Why Checkpoints? Between the launch of the competition and selection of the finalists, there are two checkpoints. These are designed to keep you on track, and, particularly if you are a beginner, to give you a little bit of guidance on the typical process of a data analysis. They are for you to use as you like, or not use at all.
The checkpoints provide opportunities to reflect on how your project is coming along as you move through the stages of creating your final product. Having to summarize all the details in which you were immersed for someone else to consume is a valuable tool and it can help you deliver your best.
One week before each checkpoint, you will receive a reminder email that a checkpoint is coming up.
The Idea Checkpoint By this point you should have a clear idea of what your project will be about, and of whether you will design a data-driven visual essay/story/infographic or an exploratory data visualization.
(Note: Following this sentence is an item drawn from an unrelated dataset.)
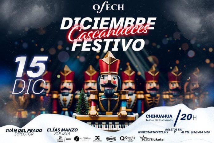 En el marco de las activdades realizadas por la época decembrina, la Secretaría de Cultura, invita al cierre de la Temporada de Otoño que ofrecerá la Orquesta Filarmónica del Estado de Chihuahua (OFECh) con el concierto “Diciembre Festivo” el cuál, estará bajo la batuta del director Iván del Prado, y el solista en piano, Elías Manzo, a realizarse el viernes 15 de diciembre en el Teatro de los Héroes.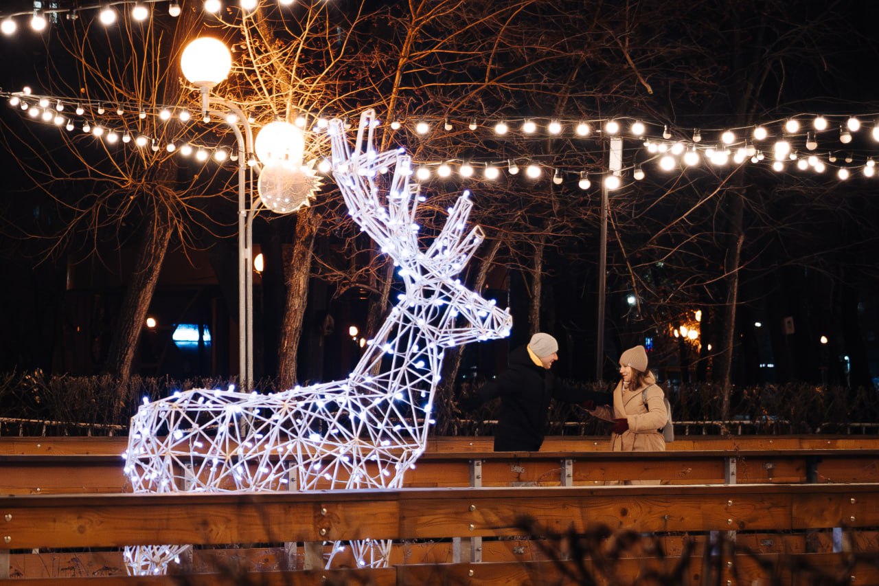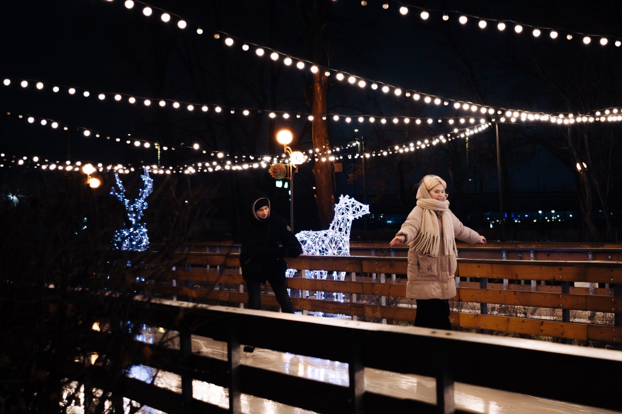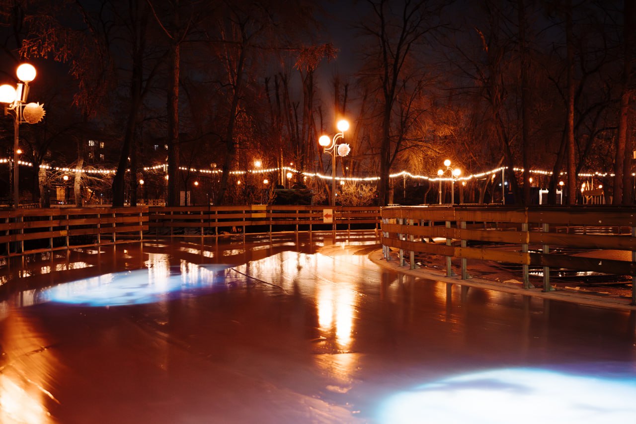В Челябинске уже пришла пора доставать коньки – и даже не из-за ледяного дождя и гололеда. В парке Терешковой открылся каток под открытым небом. Аллеи залили искусственным льдом и установили новогодние светящиеся фигуры.

You don’t yet need to have a detailed plan of what your final product will look like, but you do need to know what information you will use to make it.
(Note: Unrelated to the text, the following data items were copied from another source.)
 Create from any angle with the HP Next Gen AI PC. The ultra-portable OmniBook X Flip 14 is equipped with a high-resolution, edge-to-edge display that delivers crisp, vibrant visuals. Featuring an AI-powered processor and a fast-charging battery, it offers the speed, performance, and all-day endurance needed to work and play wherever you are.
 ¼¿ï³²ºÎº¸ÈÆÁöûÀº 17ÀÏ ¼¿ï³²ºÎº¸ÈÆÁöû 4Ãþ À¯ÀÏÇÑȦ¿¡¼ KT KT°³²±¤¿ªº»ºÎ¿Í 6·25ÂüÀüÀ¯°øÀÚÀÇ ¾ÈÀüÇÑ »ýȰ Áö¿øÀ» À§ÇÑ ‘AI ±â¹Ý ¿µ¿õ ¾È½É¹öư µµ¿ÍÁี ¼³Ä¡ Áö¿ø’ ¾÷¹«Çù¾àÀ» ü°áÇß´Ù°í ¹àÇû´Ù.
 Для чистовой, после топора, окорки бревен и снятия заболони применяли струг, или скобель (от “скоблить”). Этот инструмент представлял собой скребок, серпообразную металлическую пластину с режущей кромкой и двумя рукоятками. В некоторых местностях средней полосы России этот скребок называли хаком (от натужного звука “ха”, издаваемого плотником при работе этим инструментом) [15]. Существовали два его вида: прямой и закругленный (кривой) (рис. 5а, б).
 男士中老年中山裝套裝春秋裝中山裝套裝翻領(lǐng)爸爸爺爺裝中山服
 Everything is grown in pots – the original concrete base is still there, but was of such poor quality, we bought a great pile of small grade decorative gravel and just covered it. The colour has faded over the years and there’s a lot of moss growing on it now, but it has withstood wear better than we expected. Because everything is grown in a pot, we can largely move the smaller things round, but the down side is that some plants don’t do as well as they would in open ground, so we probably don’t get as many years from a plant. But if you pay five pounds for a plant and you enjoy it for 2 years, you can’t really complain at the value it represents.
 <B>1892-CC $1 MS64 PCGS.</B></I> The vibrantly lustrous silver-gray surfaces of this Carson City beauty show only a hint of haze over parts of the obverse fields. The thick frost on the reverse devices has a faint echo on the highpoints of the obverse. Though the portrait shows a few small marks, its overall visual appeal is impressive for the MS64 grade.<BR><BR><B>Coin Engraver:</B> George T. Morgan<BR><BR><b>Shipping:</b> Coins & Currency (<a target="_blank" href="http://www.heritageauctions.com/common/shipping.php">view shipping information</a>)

The purpose behind this checkpoint is to ensure that the dataset does in fact contain the information that you need in order to answer your question of interest. A common pitfall in data analysis is thinking that you are asking one question, when the information available to you lends itself to answering something (slightly or more than slightly) different.
Are you able to refine your question after having taken a closer look at the data and the metadata? What are some possible sources of bias and is there any way that you can avoid them without spending time and resources collecting more data?
Deliverable: a paragraph describing the question that drives your visualization, emailed to firstname.lastname@example.org. You may describe the issue that you care about, why it is important to you to raise awareness about this issue, some limitations of the data to answer your question and what you plan to do about these limitations (if anything can be done).
The Analysis Checkpoint By this point you should have done any pre-processing, cleaning of the dataset that you are interested in, as well as have a fairly good idea of basic features and relationships in the data.
Pre-processing refers to manipulations you make to your variables to get them ready to use. For example, some of the datasets have location encoded as address (latitude, longitude) and you know that you need to separate out latitude and longitude into different columns. This manipulation will turn a string of characters into numeric values, changing the datatype of the variable. Latitude and longitude need to be represented numerically in order to map the data point.
The process is iterative: you are not expected to know that you need numeric values before you try to use the mapping functions and find out that the input that they take has to be numeric. You may have tried feeding the location variable to the mapping function, get an error, identify the source of the error (wrong data type) and only then find out that you need to do some pre-processing to that variable before using it. Being able to work in this cycle will make you better at data analysis.
You should also have ran some descriptive statistics and explored any relationships between variables that you care about. By this point the story will start emerging from the data!
Deliverable: a paragraph outlining any manipulations that you did on the data and why they were necessary. You may also submit graphs, charts, maps, diagrams, etc. along with observations that give you an insight into the data.
Now that the story is starting to emerge, shift your attention to how you want to present it – your visualization.
Deliverable: a mockup of your final product, indicating the positioning of key elements, and a paragraph explaining your reasoning behind it. This may, of course, change as you make progress in creating it.
The Visualization Checkpoint Now that the story is starting to emerge, shift your attention to how you want to present it.
Deliverable: a mockup of your final visualization, indicating the positioning of key elements, and a paragraph explaining your reasoning behind it. This may, of course, change as you make progress in creating it.